The value of this property is ignored if the CorrectSkew property is set to TSPV_No.

CorrectSkewModeEnum

  • CSM_CorrectSkewByBlackSquaresHorizontally: The image skew angle is corrected based on so-called ‘black squares’ (the skew angle is calculated based on the horizontal pairs of squares). Black squares are often placed on forms. We recommend that you use this constant only when working with images of forms; otherwise, you may obtain incorrect results.
  • CSM_CorrectSkewByBlackSquaresVertically: The image skew angle is corrected based on so-called ‘black squares’ (the skew angle is calculated based on the vertical pairs of squares). Black squares are often placed on forms. We recommend that you use this constant only when working with images of forms; otherwise, you may obtain incorrect results.
  • CSM_CorrectSkewByHorizontalLines: The image skew angle is corrected based on horizontal lines. Use this constant only when working with images that contain horizontal lines (for example, invoices, price lists, or other documents that contain tables with visible borders); otherwise, you may get incorrect results.
  • CSM_CorrectSkewByHorizontalText: The image skew angle is corrected based on horizontal text lines.
  • CSM_CorrectSkewByVerticalLines: The image skew angle is corrected based on vertical lines. We recommend that you use this constant only when working with images that contain vertical lines (for example, invoices, price lists, or other documents that contain tables with visible borders); otherwise, you may obtain incorrect results.
  • CSM_CorrectSkewByVerticalText: The image skew angle is corrected based on vertical text lines. The constant may be useful when working with documents in languages such as Chinese, Japanese, or Korean, or if page orientation is incorrect.

GeometryCorrectionMode

KeyTypeDefault
GeometryCorrectionModeGeometryCorrectionModeEnumGCM_Auto

Specifies whether geometrical distortions (perspective on photos, curved lines from scanned books, etc.) should be removed during page preprocessing.

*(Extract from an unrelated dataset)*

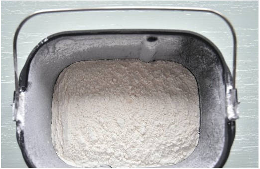 Шаг 2. В контейнер хлебопечки устанавливаем насадку для замеса и высыпаем сюда просеянную муку.

GeometryCorrectionModeEnum

  • GCM_Auto: Image geometry correction will be performed, if necessary. Pdftools OCR Service determines automatically, whether the processed document is a photo and if it is, will perform geometry correction.
  • GCM_Correct: Always correct image geometry. Photographs usually have perspective distortions; use this when processing photos.
  • GCM_DontCorrect: Do not correct image geometry. Use when processing scanned images of good quality where correction is unnecessary.

ResolutionCorrectionMode

KeyTypeDefault
ResolutionCorrectionModeResolutionCorrectionModeEnumRCM_Auto

Specifies whether resolution of the image should be corrected during page preprocessing.

ResolutionCorrectionModeEnum

  • RCM_Auto: If the resolution of the image is suspicious, the Pdftools OCR Service automatically detects and adjusts it.
  • RCM_Correct: Detect and correct image resolution.
  • RCM_DontCorrect: Do not correct image resolution.